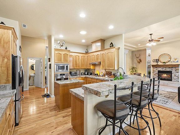 Welcome to your dream home in the prestigious Eagle Point Golf Course Community! This 4-bedroom, 3-bathroom home offers 2,923 sq. ft. of luxurious living space with thoughtful updates throughout. Enjoy a remodeled tile fireplace with a unique wood mantle, large picture windows with remote-controlled blinds, and new wood valances. The gourmet kitchen boasts granite countertops, a new sink and faucet, a gas range, and a stunning tile backsplash (all updated in 2022).
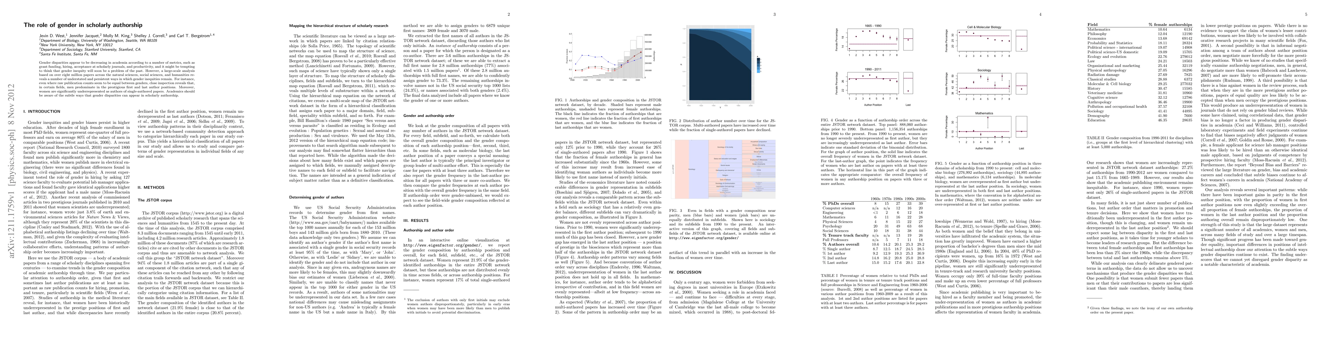 Gender disparities appear to be decreasing in academia according to a number of metrics, such as grant funding, hiring, acceptance at scholarly journals, and productivity, and it might be tempting to think that gender inequity will soon be a problem of the past. However, a large-scale analysis based on over eight million papers across the natural sciences, social sciences, and humanities re- reveals a number of understated and persistent ways in which gender inequities remain. For instance, even where raw publication counts seem to be equal between genders, close inspection reveals that, in certain fields, men predominate in the prestigious first and last author positions. Moreover, women are significantly underrepresented as authors of single-authored papers. Academics should be aware of the subtle ways that gender disparities can appear in scholarly authorship.
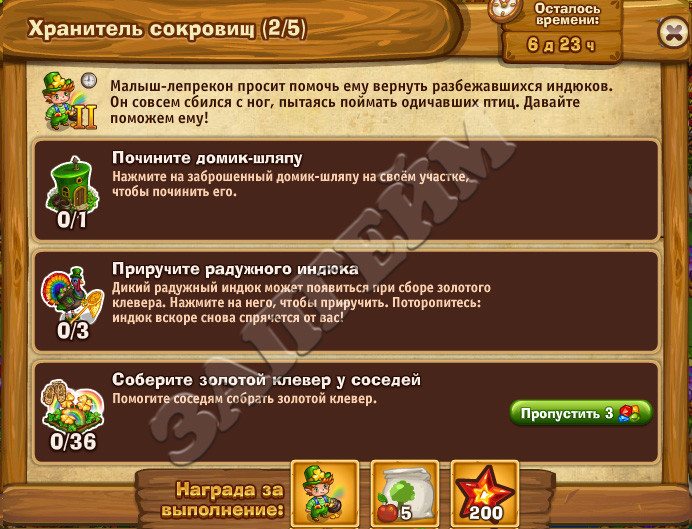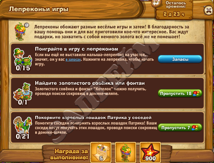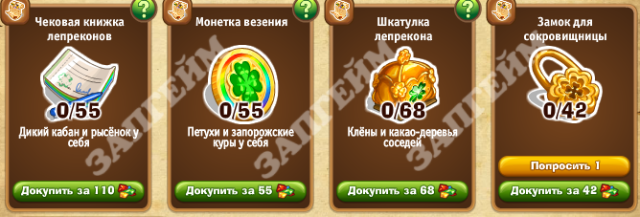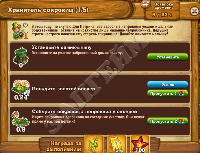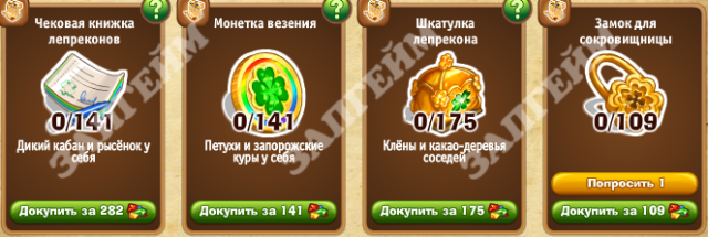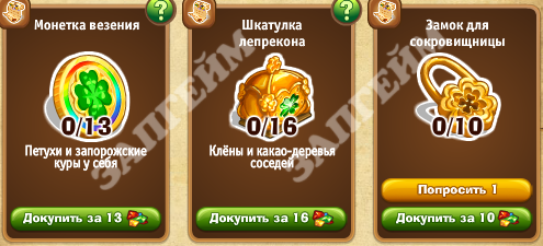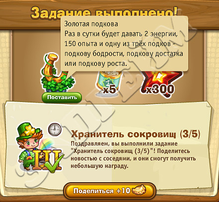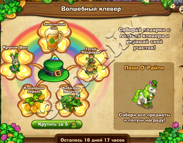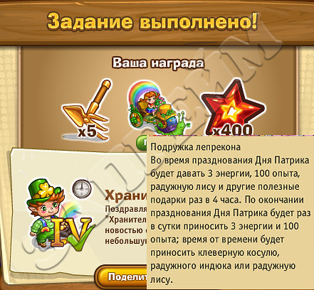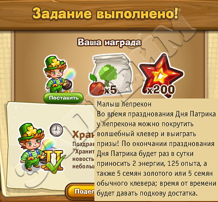 | Раз в сутки будет давать 4 энергии и 210 опыта. Время от времени будет приносить сундук лепрекона. | Во время празднования Дня Патрика будет давать 3 энергии, 100 опыта, радужную лису и другие полезные подарки раз в 4 часа. По окончании празднования Дня Патрика будет раз в сутки приносить 3 энергии и 100 опыта; время от времени будет приносить клеверную косулю, радужного индюка или радужную лису. | Во время празднования Дня Патрика у лепрекона можно покрутить волшебную ромашку и выиграть призы! По окончании празднования Дня Патрика будет раз в сутки приносить 2 энергии, 125 опыта, а также 5 семян золотого или 5 семян обычного клевера; время от времени будет давать подкову достатка. |
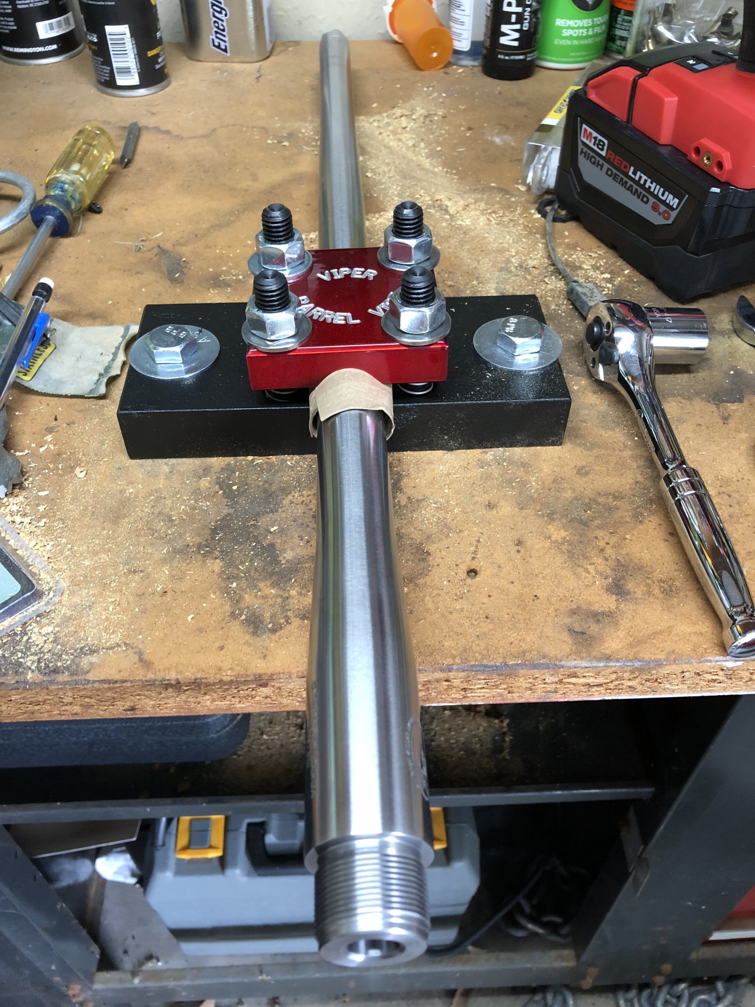Don't get too crazy with it. The viper vice is not particularly strong. It is plenty for doing Remage, savage/ barrel nut barrels. Removing factory shouldered barrels is tough and will be pretty tough on the viper vice. I am hoping mine can last through one more factory remingto barrel removal, when my 223 is shot out. The first two left it in pretty rough shape. I bent the top aluminum piece, most of the coating started to peel off, and one of the nuts froze to the stud. For light duty stuff, its handy as a pocket on shirt.
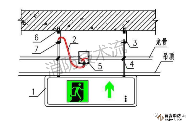 標(biāo)志燈采用吸頂和吊裝式安裝;室內(nèi)高度大于3.5m的場(chǎng)所,特大型、大型、中型標(biāo)志燈宜采用吊裝式安裝。燈具采用吊裝式安裝時(shí),應(yīng)采用金屬吊桿或吊鏈,吊桿或吊鏈上端應(yīng)固定在建筑構(gòu)件上。
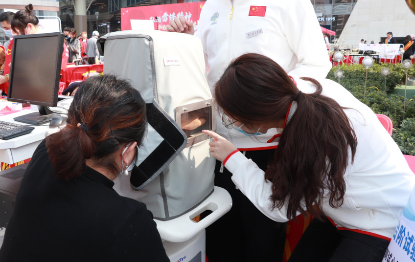 活动前,”动健康志愿服务队在校团委和学院领导的指导和帮助下积极筹备本次志愿服务活动,在学校实验室老师的现场教学下熟悉各项仪器设备的使用方法,进一步提升志愿服务水平,确保本次志愿服务活动顺利开展。活动现场,志愿服务团队运用实验仪器现场为市民进行台阶试验测试、体成分测试和骨密度测试,为测试者提供专属的体质监测报告,开出针对性“运动处方”,提供科学健身指导,进一步增强广大群众对自身体质状况的认识和科学运动健身意识,提高大众参与健身活动的积极性、主动性和科学性。本次志愿服务活动项目结合体育院校特色,将康复理念与体育运动相结合,通过体育科技吸引了络绎不绝的测试者,志愿者们用真诚态度、真心服务、真情付出,赢得了现场群众的一致欢迎和好评

☆ ☆ ☆ ☆ ☆

_Exercise directions:_ Each line of the material needs to be given again exactly, without any of its pictures.

_Solution to the exercise:_
 Welcome to your dream home in the prestigious Eagle Point Golf Course Community! This 4-bedroom, 3-bathroom home offers 2,923 sq. ft. of luxurious living space with thoughtful updates throughout. Enjoy a remodeled tile fireplace with a unique wood mantle, large picture windows with remote-controlled blinds, and new wood valances. The gourmet kitchen boasts granite countertops, a new sink and faucet, a gas range, and a stunning tile backsplash (all updated in 2022).
 Gender disparities appear to be decreasing in academia according to a number of metrics, such as grant funding, hiring, acceptance at scholarly journals, and productivity, and it might be tempting to think that gender inequity will soon be a problem of the past. However, a large-scale analysis based on over eight million papers across the natural sciences, social sciences, and humanities re- reveals a number of understated and persistent ways in which gender inequities remain. For instance, even where raw publication counts seem to be equal between genders, close inspection reveals that, in certain fields, men predominate in the prestigious first and last author positions. Moreover, women are significantly underrepresented as authors of single-authored papers. Academics should be aware of the subtle ways that gender disparities can appear in scholarly authorship.
 | Раз в сутки будет давать 4 энергии и 210 опыта. Время от времени будет приносить сундук лепрекона. | Во время празднования Дня Патрика будет давать 3 энергии, 100 опыта, радужную лису и другие полезные подарки раз в 4 часа. По окончании празднования Дня Патрика будет раз в сутки приносить 3 энергии и 100 опыта; время от времени будет приносить клеверную косулю, радужного индюка или радужную лису. | Во время празднования Дня Патрика у лепрекона можно покрутить волшебную ромашку и выиграть призы! По окончании празднования Дня Патрика будет раз в сутки приносить 2 энергии, 125 опыта, а также 5 семян золотого или 5 семян обычного клевера; время от времени будет давать подкову достатка. |
Don't get too crazy with it. The viper vice is not particularly strong. It is plenty for doing Remage, savage/ barrel nut barrels. Removing factory shouldered barrels is tough and will be pretty tough on the viper vice. I am hoping mine can last through one more factory remingto barrel removal, when my 223 is shot out. The first two left it in pretty rough shape. I bent the top aluminum piece, most of the coating started to peel off, and one of the nuts froze to the stud. For light duty stuff, its handy as a pocket on shirt.
 標(biāo)志燈采用吸頂和吊裝式安裝;室內(nèi)高度大于3.5m的場(chǎng)所,特大型、大型、中型標(biāo)志燈宜采用吊裝式安裝。燈具采用吊裝式安裝時(shí),應(yīng)采用金屬吊桿或吊鏈,吊桿或吊鏈上端應(yīng)固定在建筑構(gòu)件上。
 活动前,”动健康志愿服务队在校团委和学院领导的指导和帮助下积极筹备本次志愿服务活动,在学校实验室老师的现场教学下熟悉各项仪器设备的使用方法,进一步提升志愿服务水平,确保本次志愿服务活动顺利开展。活动现场,志愿服务团队运用实验仪器现场为市民进行台阶试验测试、体成分测试和骨密度测试,为测试者提供专属的体质监测报告,开出针对性“运动处方”,提供科学健身指导,进一步增强广大群众对自身体质状况的认识和科学运动健身意识,提高大众参与健身活动的积极性、主动性和科学性。本次志愿服务活动项目结合体育院校特色,将康复理念与体育运动相结合,通过体育科技吸引了络绎不绝的测试者,志愿者们用真诚态度、真心服务、真情付出,赢得了现场群众的一致欢迎和好评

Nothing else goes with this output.